• [Data provided]:
▬▬▬▬▬▬▬▬▬▬

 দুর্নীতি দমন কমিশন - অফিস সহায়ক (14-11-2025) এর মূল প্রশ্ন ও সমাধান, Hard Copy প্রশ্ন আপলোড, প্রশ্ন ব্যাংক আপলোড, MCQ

▬▬▬▬▬▬▬▬▬▬

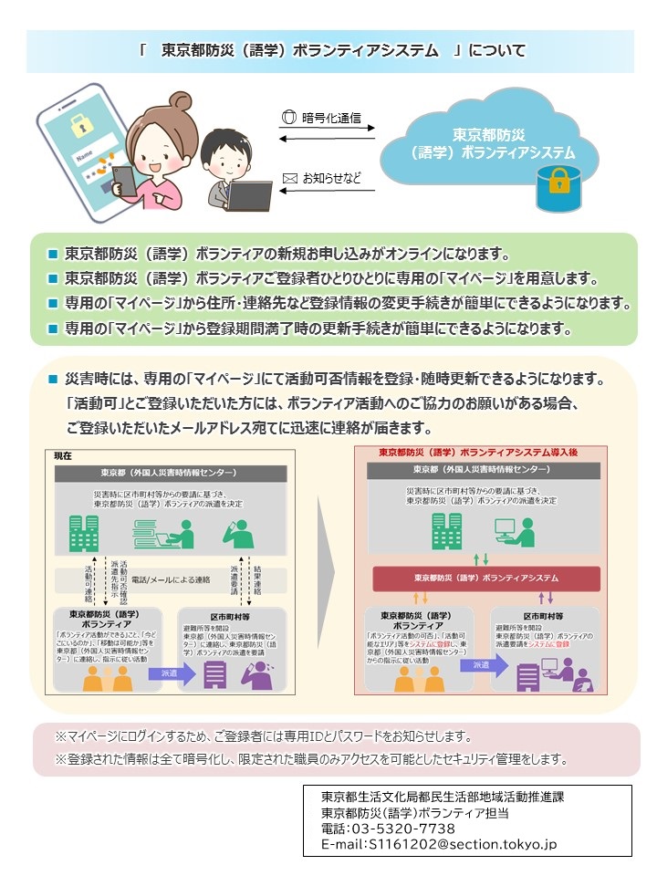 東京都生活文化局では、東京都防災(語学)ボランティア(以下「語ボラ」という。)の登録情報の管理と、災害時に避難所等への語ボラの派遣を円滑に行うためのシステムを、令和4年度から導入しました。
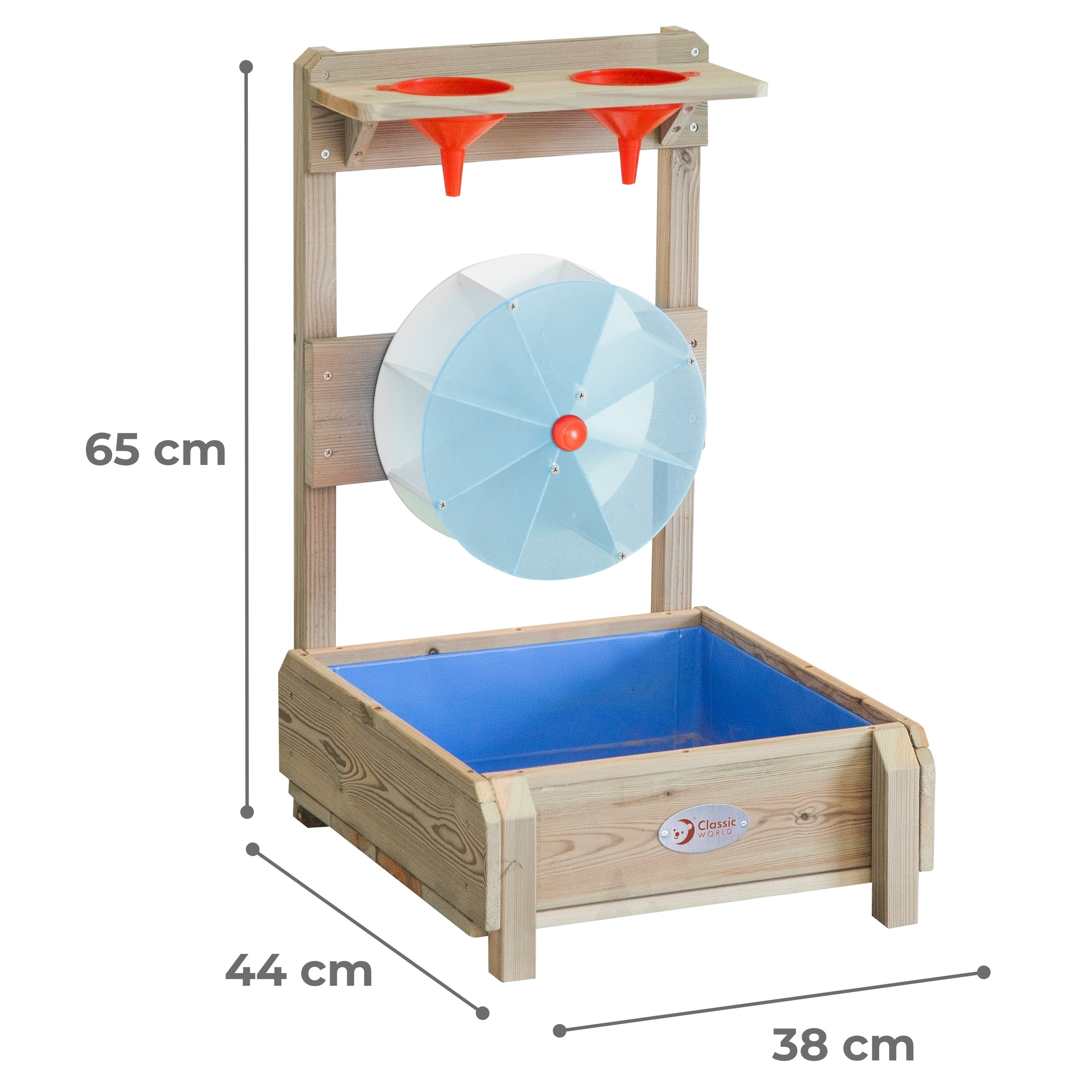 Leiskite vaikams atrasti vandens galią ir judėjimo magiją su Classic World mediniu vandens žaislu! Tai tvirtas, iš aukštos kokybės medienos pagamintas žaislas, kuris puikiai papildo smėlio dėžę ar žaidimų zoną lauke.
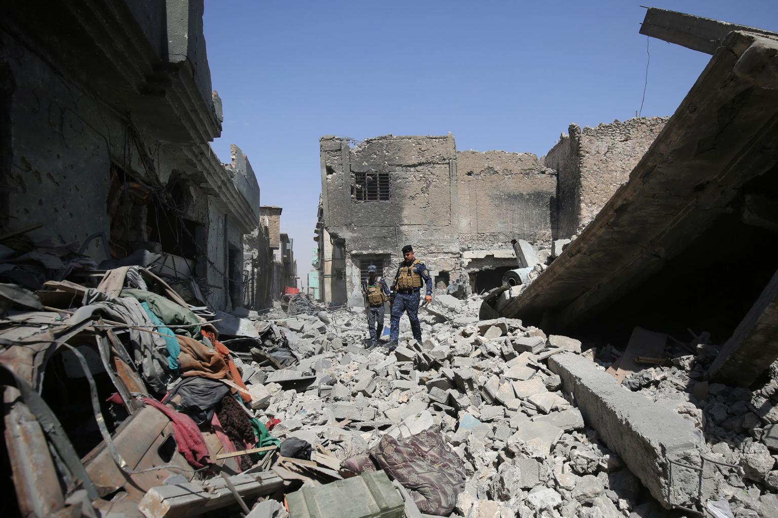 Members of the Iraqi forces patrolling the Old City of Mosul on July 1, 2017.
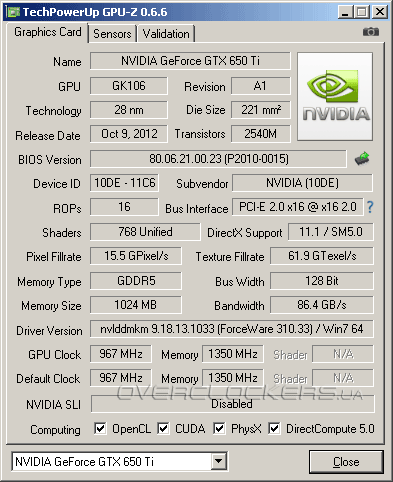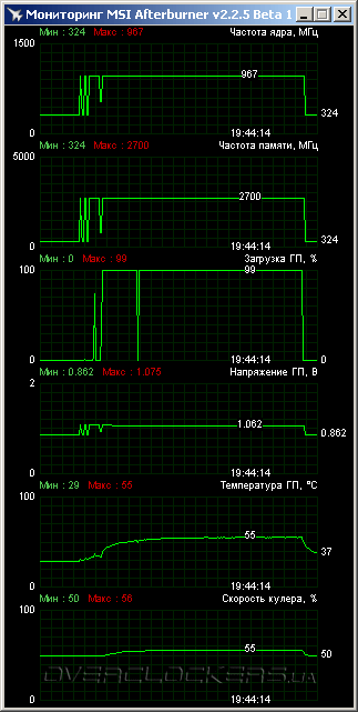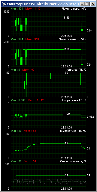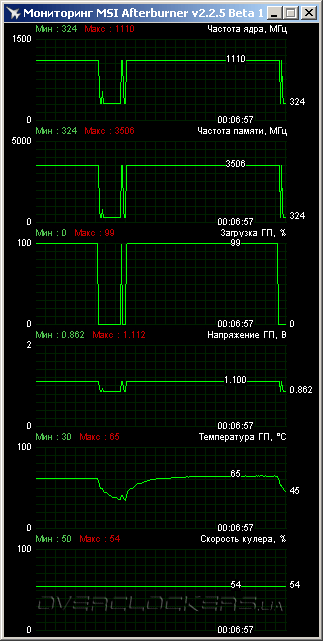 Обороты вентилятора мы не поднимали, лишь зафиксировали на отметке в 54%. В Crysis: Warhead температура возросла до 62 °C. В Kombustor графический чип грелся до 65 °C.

▬▬▬▬▬▬▬▬▬▬

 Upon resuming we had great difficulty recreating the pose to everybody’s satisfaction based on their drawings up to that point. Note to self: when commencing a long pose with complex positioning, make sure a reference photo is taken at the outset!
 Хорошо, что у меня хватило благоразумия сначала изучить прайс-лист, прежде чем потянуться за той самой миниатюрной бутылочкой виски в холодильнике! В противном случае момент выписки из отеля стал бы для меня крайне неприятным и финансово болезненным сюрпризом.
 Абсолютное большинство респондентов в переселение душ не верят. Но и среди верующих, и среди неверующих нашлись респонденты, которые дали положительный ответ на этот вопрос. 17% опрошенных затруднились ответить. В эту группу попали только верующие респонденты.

▬▬▬▬▬▬▬▬▬▬

Taking the entries above, write out exactly each line from the one holding "Upon resuming we" to the one holding "Абсолютное большинство респондентов", both included, and stop there.

 Upon resuming we had great difficulty recreating the pose to everybody’s satisfaction based on their drawings up to that point. Note to self: when commencing a long pose with complex positioning, make sure a reference photo is taken at the outset!
 Хорошо, что у меня хватило благоразумия сначала изучить прайс-лист, прежде чем потянуться за той самой миниатюрной бутылочкой виски в холодильнике! В противном случае момент выписки из отеля стал бы для меня крайне неприятным и финансово болезненным сюрпризом.
 Абсолютное большинство респондентов в переселение душ не верят. Но и среди верующих, и среди неверующих нашлись респонденты, которые дали положительный ответ на этот вопрос. 17% опрошенных затруднились ответить. В эту группу попали только верующие респонденты.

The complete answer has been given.